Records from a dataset

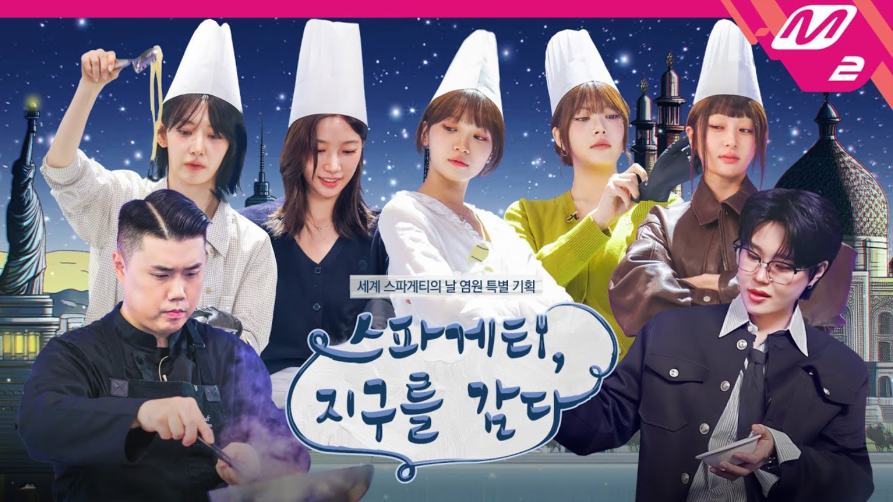 Yee Siyeon: “Born in fire, passing through water—the strand that landed on a plate!” It’s a prelude so grand it could be the opening to a legend, but what it’s really talking about is none other than spaghetti. “Spaghetti, Wrapping the Earth” is a heartfelt special that hopes to help in establishing World Spaghetti Day, a dream shared by people around the world and championed by LE SSERAFIM. The title might make it sound like a current affairs program, but it’s actually the girl group’s comeback show on Mnet and M2 marking the release of their single “SPAGHETTI.” “Spaghetti, Wrapping the Earth” represents a new kind of Mnet comeback show—one filled with variety show skits centered around the theme of spaghetti. The show’s first segment, taking place in a so-called “flirting hell restaurant,” features popular comedian Eom Jiyoon’s alter ego, handsome and gentle influencer chef Eom Jihoon. With their cameras rolling KIM CHAEWON and HONG EUNCHAE drop by Jihoon’s restaurant, Got The Um, where they’re greeted by flirty waitstaff member KAZUHA, who charmingly announces that “guests who are way brighter than our lights just showed up.” Meanwhile, HUH YUNJIN comes in to interview for a part-time job, only to encounter delivery worker SAKURA, whose own flirting skills are on another level. The LE SSERAFIM members take their roles and the shameless flirtation in the skit seriously, with hilariously clever performances.
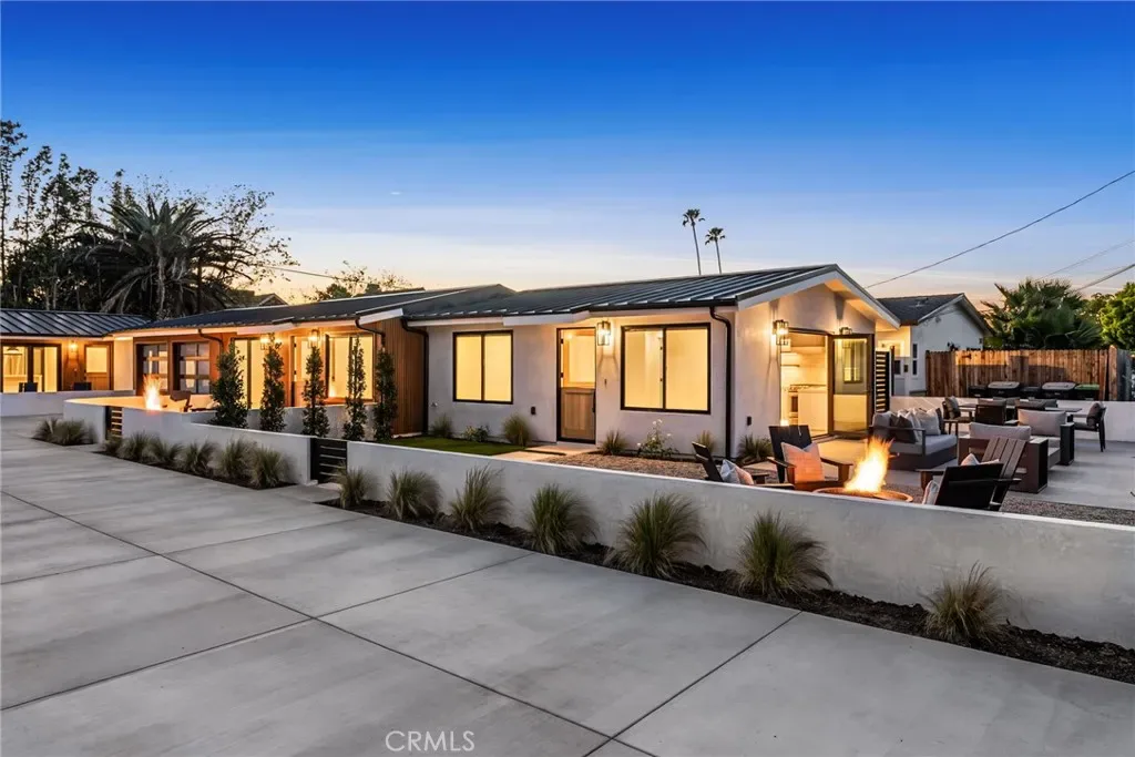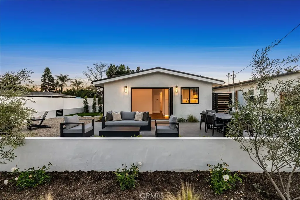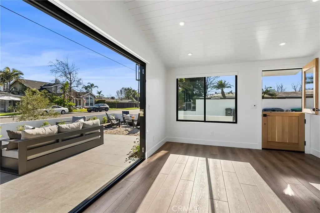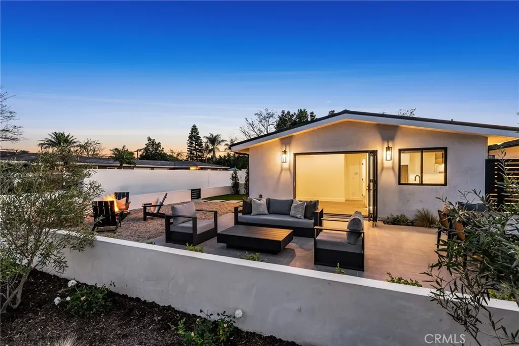 The living area opens seamlessly to a fully furnished private front patio complete with stylish outdoor seating and a gas firepit — perfect for entertaining or enjoying Costa Mesa’s year-round coastal climate.
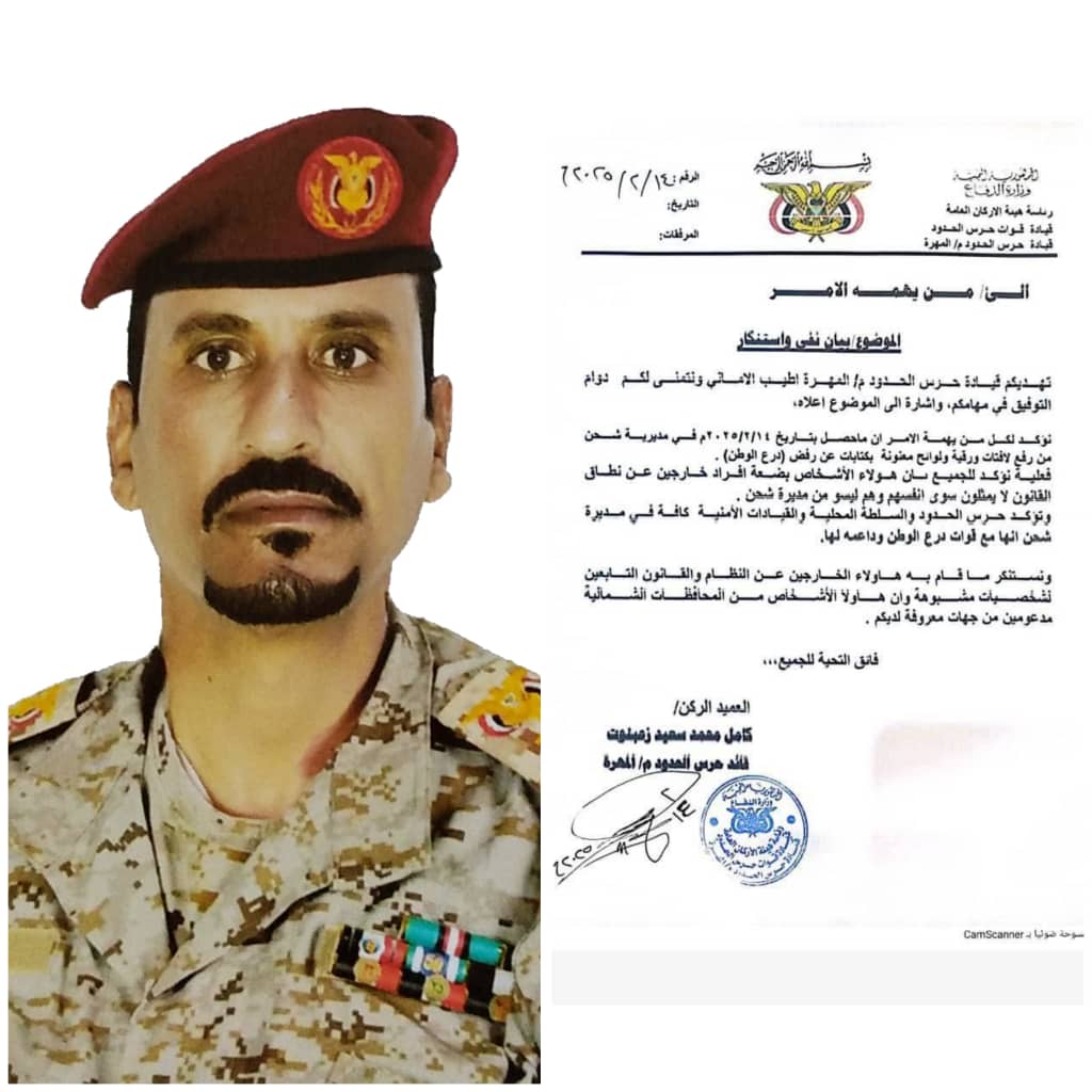 قائد حرس الحدود مع عمان يكشف ما يجري في شحن
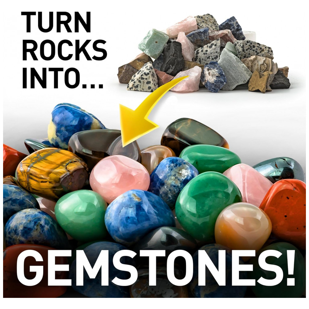 Inclui: tambor de borracha à prova de vazamentos, motor com desligamento automático, adaptador AC, 9 tipos de pedras brutas reais, 4 tipos de grãos abrasivos, acessórios de joalheria e guia ilustrado colorido
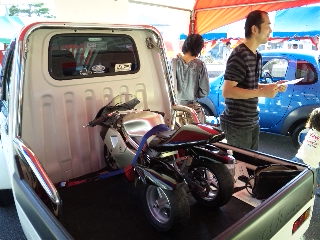 ミゼットⅡにはちょこっとお洒落に先日の薬師寺泰栄のドリームカー倶楽部のビンゴで当たったトライクを載せてみました!
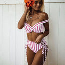 New Design Fresh Stripes Print Off-shoulder High-waisted Lace-up Two-piece Swimwear
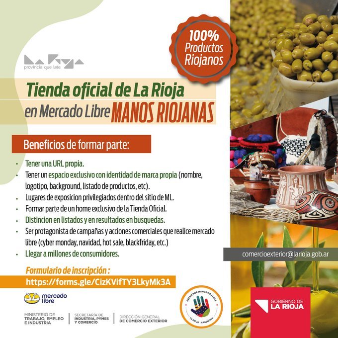El ministerio de Trabajo, Empleo e Industria, a través de la Secretaría de Industria, PyMEs y Comercio y la Dirección de Comercio Exterior, convoca a emprendedores/as riojanos/as a sumarse a la tienda oficial “Manos Riojanas” en Mercado Libre, para llegar y ofrecer productos artesanales y regionales a todos los rincones del país.
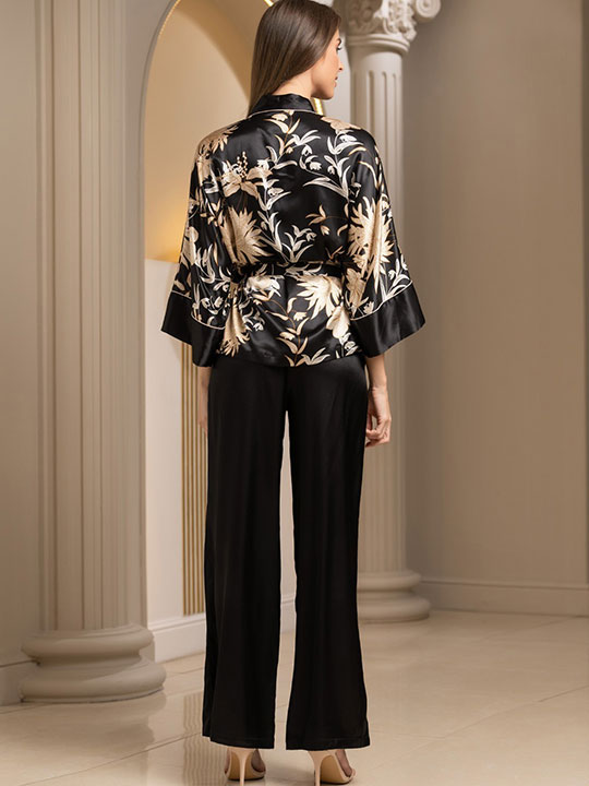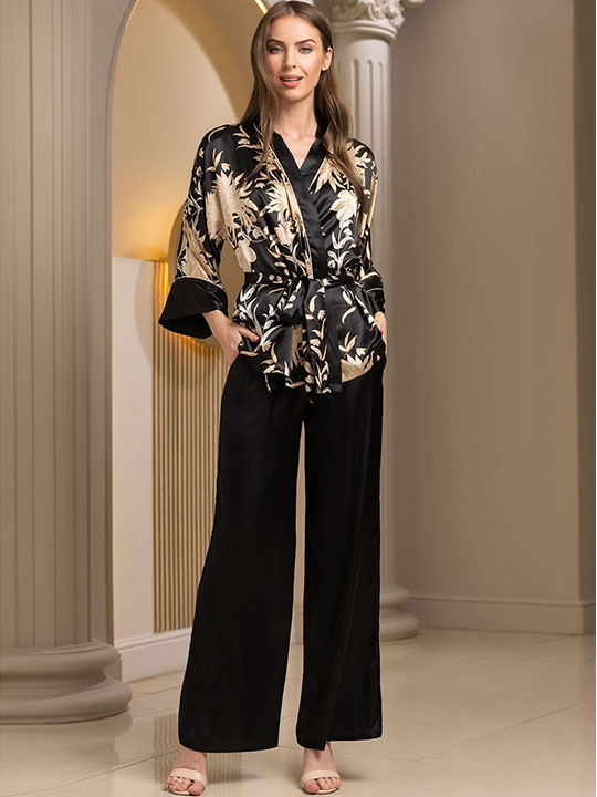Брючный комплект-тройка Mia-Amore состоит из жакета с длинным рукавом, топа на тонких бретелях и широких брюк. Комплект выполнен из принтованного смесового шелка с однотонной отделкой. Жакет и топ выполнены из принтованного смесового шелка с однотонной отделкой, а брюки – из однотонного смесового шелка. По бокам брюк обработаны карманы. Линию талии жакета можно подчеркнуть за счет пояса, который идет в комплекте.
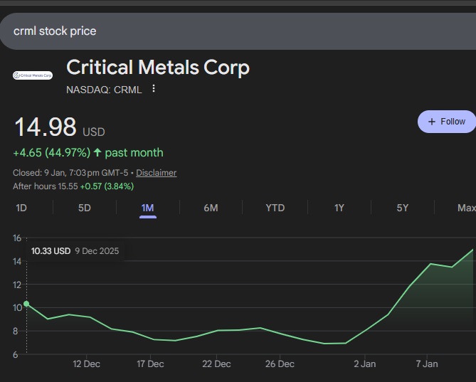CRML stock rose more than 20% last night Isnin ni tengok lagi apa jadi.

PROBLEM: All that should appear in the answer is the lines above from the line with "قائد حرس الحدود مع عمان يكشف ما يجري في شحن" through the line with "Inclui: tambor de", retyped exactly, pictures left out.

TASK ANSWER:
 قائد حرس الحدود مع عمان يكشف ما يجري في شحن
 Inclui: tambor de borracha à prova de vazamentos, motor com desligamento automático, adaptador AC, 9 tipos de pedras brutas reais, 4 tipos de grãos abrasivos, acessórios de joalheria e guia ilustrado colorido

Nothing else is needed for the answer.